TASK TO CARRY OUT: For the data that follows, print the line with "Система образует теневой", the line with "お昼には気楽会がホルモンを焼きました。", and all lines between them, exactly as they stand. Omit pictures and add nothing.

ENTRIES PROVIDED:

Start of Block

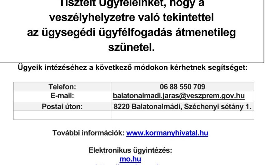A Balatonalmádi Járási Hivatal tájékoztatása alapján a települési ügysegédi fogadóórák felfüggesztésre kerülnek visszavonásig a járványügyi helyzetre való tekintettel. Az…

End of Block
Start of Block

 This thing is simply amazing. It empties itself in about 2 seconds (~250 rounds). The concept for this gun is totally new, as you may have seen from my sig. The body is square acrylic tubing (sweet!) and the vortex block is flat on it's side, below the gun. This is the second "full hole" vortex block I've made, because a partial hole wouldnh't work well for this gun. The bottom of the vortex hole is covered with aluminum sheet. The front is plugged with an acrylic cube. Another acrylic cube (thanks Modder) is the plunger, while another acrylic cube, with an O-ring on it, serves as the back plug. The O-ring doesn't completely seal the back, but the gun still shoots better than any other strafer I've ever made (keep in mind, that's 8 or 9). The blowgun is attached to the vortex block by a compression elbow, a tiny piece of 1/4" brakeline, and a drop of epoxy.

End of Block
Start of Block

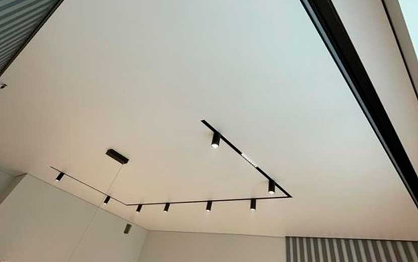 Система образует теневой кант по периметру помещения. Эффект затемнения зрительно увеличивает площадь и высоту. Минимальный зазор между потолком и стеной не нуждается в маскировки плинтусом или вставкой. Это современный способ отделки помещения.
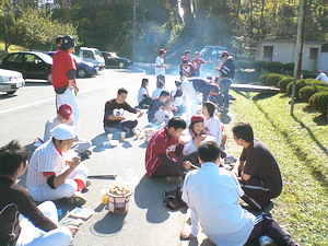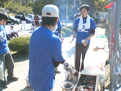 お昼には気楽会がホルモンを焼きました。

End of Block

ANSWER FOR THIS EXERCISE:
 Система образует теневой кант по периметру помещения. Эффект затемнения зрительно увеличивает площадь и высоту. Минимальный зазор между потолком и стеной не нуждается в маскировки плинтусом или вставкой. Это современный способ отделки помещения.
 お昼には気楽会がホルモンを焼きました。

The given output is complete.